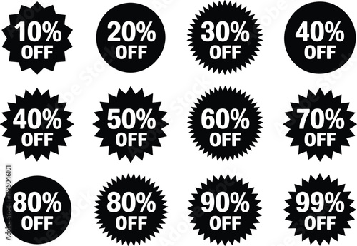 Discount percentage label icons set. sale, promo, offer badge vector illustration
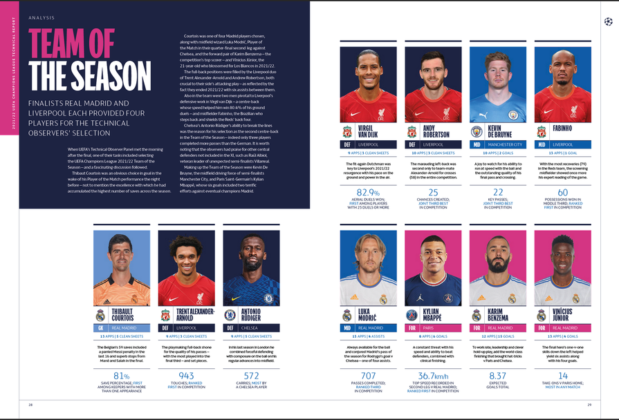 Очаквано в състава има най-вече представители на финалистите в последното издание на Шампионската лига. Реал Мадрид и Ливърпул имат по четирима играчи в тази селекция. Тибо Куртоа, Лука Модрич, Карим Бензема и Винисиус Жуниор са представителите на спечелилия в шампионата. Трент Александър-Арнолд, Вирджил ван Дайк, Андрю Робъртсън и Фабиньо са футболистите от Ливърпул. Антонио Рюдигер (Челси), който от новия сезон също е състезател на Реал, Кевин де Бройне (Манчестър Сити) и Килиан Мбапе (ПСЖ) са единствените футболисти, които не са играчи на тимовете, стигали до мача за трофея през май.
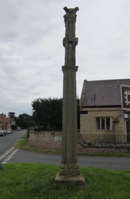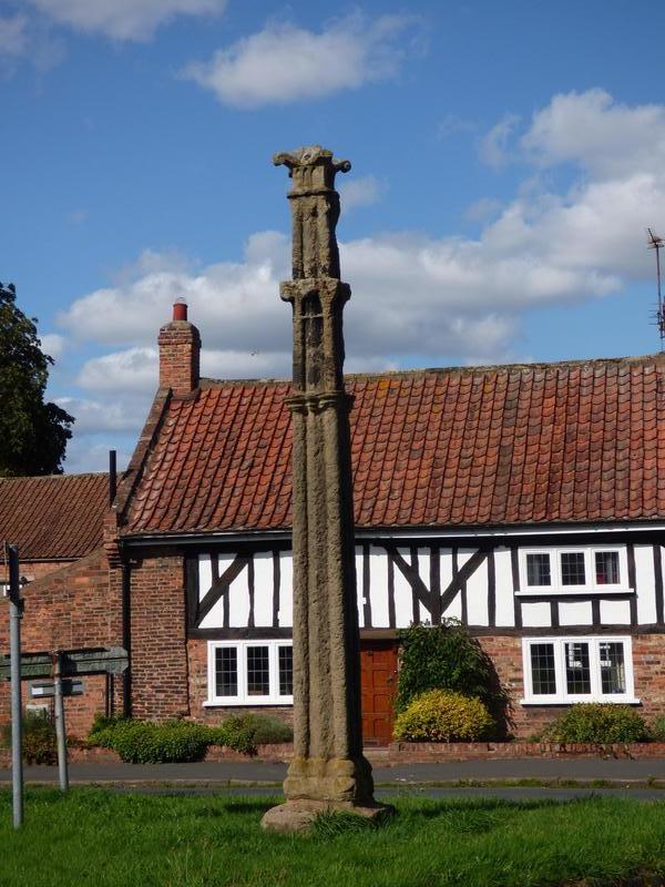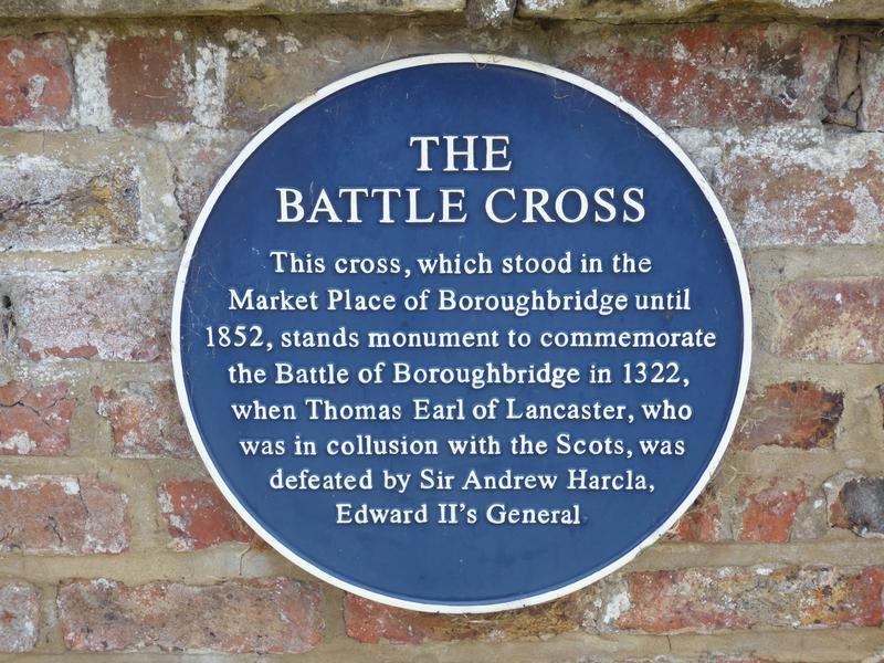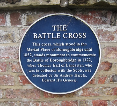THIS CROSS, WHICH STOOD IN THE/ MARKET PLACE OF BOROUGHBRIDGE UNTIL/ 1852, STANDS MONUMENT TO COMMEMORATE/ THE BATTLE OF BOROUGHBRIDGE IN 1322, WHEN THOMAS EARL OF LANCASTER, WHO/ WAS IN COLLUSION WITH THE SCOTS, WAS/ DEFEATED BY SIR ANDREW HARCLA,/ EDWARD II'S GENERAL
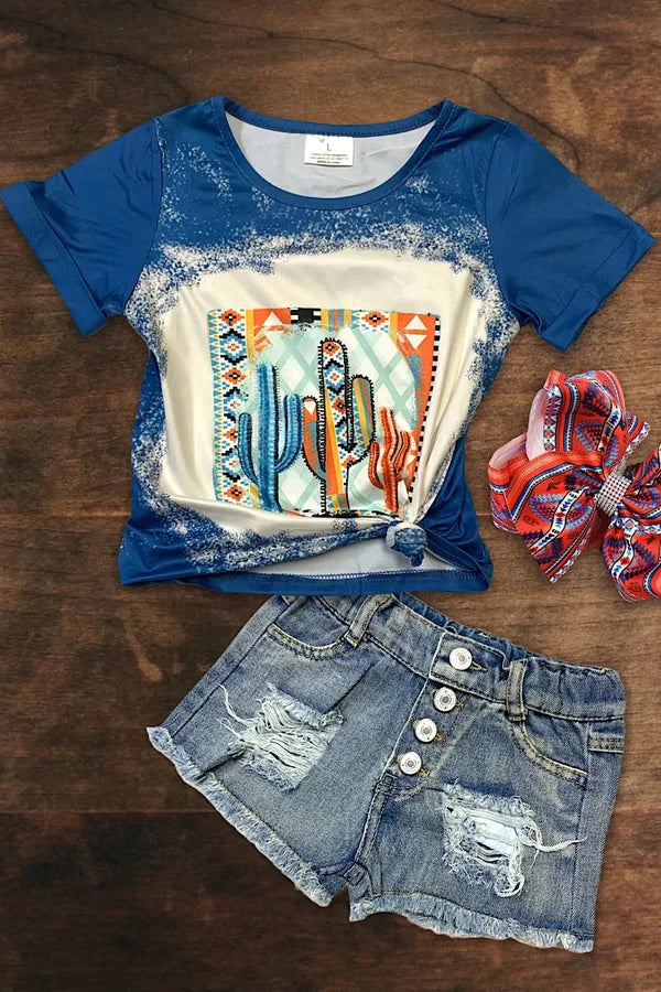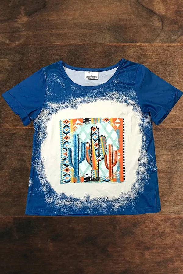 Trendy bleached look girls cactus Aztec blue graphic tee!
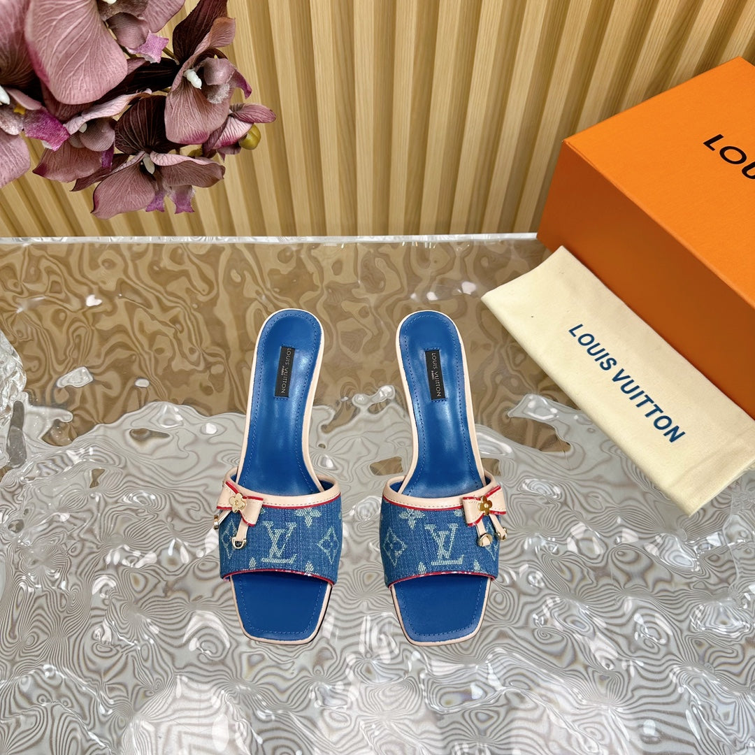 Medieval Vintage retro literature and art velvet bow🎀cat heel sandals
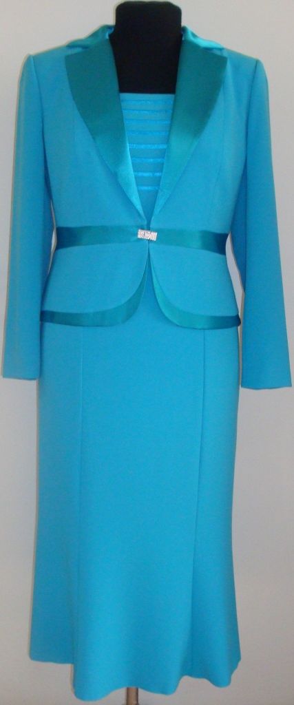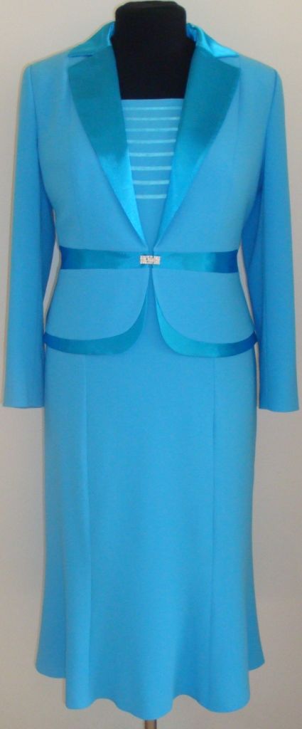 Отделка из атласа, сверкающий зажим на пиджаке, струящаяся юбка годе, которая будет стройнить ваш силуэт - лишь некоторые достоинства данной модели! Благодаря продуманному покрою, длине чуть ниже колен и подбору расцветки, этот костюм отлично подойдет для дам с особо женственными формами.
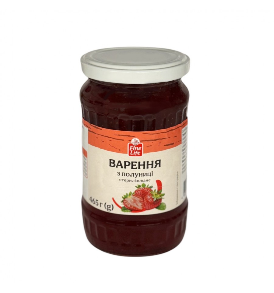 Варення Fine Life з полуниці стерилізоване вищий сорт 465г. Склад: цукор, полуниця швидкозаморожена 40%. Енергетична цінність продукту: 1170кДж/100г, 275ккал/100г. Поживна (харчова) цінність продукту: білки - 0.4г/100г, жири - 0.2г/100г, насичені жири - 0г/100г, вуглеводи - 68г/100г, з них цукри - 68г/100г, сіль - 0.02г/100г. Рекомендований спосіб приготування/вживання: продукт готовий до споживання. У разі відсутності хлопка під час відкривання банки, продукт споживати не можна. Умови зберігання: зберігати за температури 0..+25ºC і відносній вологості повітря не більше 75%. Термін придатності: 2 роки. Країна виробник: Україна. Виробник та адреса виробника: ТОВ Фіта Трейд, просп. Богдана Хмельницького, 139, м. Дніпро, Україна, 49000. Оператор ринку та адреса оператора ринку: ТОВ Фіта Трейд, просп. Богдана Хмельницького, 139, м. Дніпро, Україна, 49000. Виготовлено на замовлення та адреса замовника: ТОВ Метро Кеш енд Кері Україна, просп. П. Григоренка, 43, м. Київ, Україна, 02140. Маса нетто: 465г.
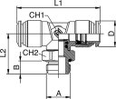 Trójnik pneumatyczny wtykowy obrotowy typu T, G 1/8 GZ do węża fi 4 mm, mosiądz niklowany
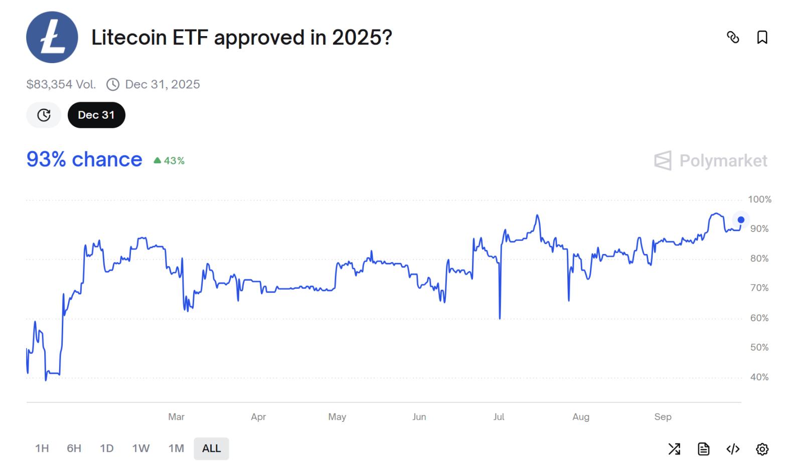 截止目前,Polymarket 上市场押注莱特币现货 ETF 今年获批的概率升至 93%。

> _WORK REQUIRED_: The data above should be repeated in full and exactly, with no pictures carried over.

> _PROBLEM SOLUTION_:
 Discount percentage label icons set. sale, promo, offer badge vector illustration
 Очаквано в състава има най-вече представители на финалистите в последното издание на Шампионската лига. Реал Мадрид и Ливърпул имат по четирима играчи в тази селекция. Тибо Куртоа, Лука Модрич, Карим Бензема и Винисиус Жуниор са представителите на спечелилия в шампионата. Трент Александър-Арнолд, Вирджил ван Дайк, Андрю Робъртсън и Фабиньо са футболистите от Ливърпул. Антонио Рюдигер (Челси), който от новия сезон също е състезател на Реал, Кевин де Бройне (Манчестър Сити) и Килиан Мбапе (ПСЖ) са единствените футболисти, които не са играчи на тимовете, стигали до мача за трофея през май.
THIS CROSS, WHICH STOOD IN THE/ MARKET PLACE OF BOROUGHBRIDGE UNTIL/ 1852, STANDS MONUMENT TO COMMEMORATE/ THE BATTLE OF BOROUGHBRIDGE IN 1322, WHEN THOMAS EARL OF LANCASTER, WHO/ WAS IN COLLUSION WITH THE SCOTS, WAS/ DEFEATED BY SIR ANDREW HARCLA,/ EDWARD II'S GENERAL
 Trendy bleached look girls cactus Aztec blue graphic tee!
 Medieval Vintage retro literature and art velvet bow🎀cat heel sandals
 Отделка из атласа, сверкающий зажим на пиджаке, струящаяся юбка годе, которая будет стройнить ваш силуэт - лишь некоторые достоинства данной модели! Благодаря продуманному покрою, длине чуть ниже колен и подбору расцветки, этот костюм отлично подойдет для дам с особо женственными формами.
 Варення Fine Life з полуниці стерилізоване вищий сорт 465г. Склад: цукор, полуниця швидкозаморожена 40%. Енергетична цінність продукту: 1170кДж/100г, 275ккал/100г. Поживна (харчова) цінність продукту: білки - 0.4г/100г, жири - 0.2г/100г, насичені жири - 0г/100г, вуглеводи - 68г/100г, з них цукри - 68г/100г, сіль - 0.02г/100г. Рекомендований спосіб приготування/вживання: продукт готовий до споживання. У разі відсутності хлопка під час відкривання банки, продукт споживати не можна. Умови зберігання: зберігати за температури 0..+25ºC і відносній вологості повітря не більше 75%. Термін придатності: 2 роки. Країна виробник: Україна. Виробник та адреса виробника: ТОВ Фіта Трейд, просп. Богдана Хмельницького, 139, м. Дніпро, Україна, 49000. Оператор ринку та адреса оператора ринку: ТОВ Фіта Трейд, просп. Богдана Хмельницького, 139, м. Дніпро, Україна, 49000. Виготовлено на замовлення та адреса замовника: ТОВ Метро Кеш енд Кері Україна, просп. П. Григоренка, 43, м. Київ, Україна, 02140. Маса нетто: 465г.
 Trójnik pneumatyczny wtykowy obrotowy typu T, G 1/8 GZ do węża fi 4 mm, mosiądz niklowany
 截止目前,Polymarket 上市场押注莱特币现货 ETF 今年获批的概率升至 93%。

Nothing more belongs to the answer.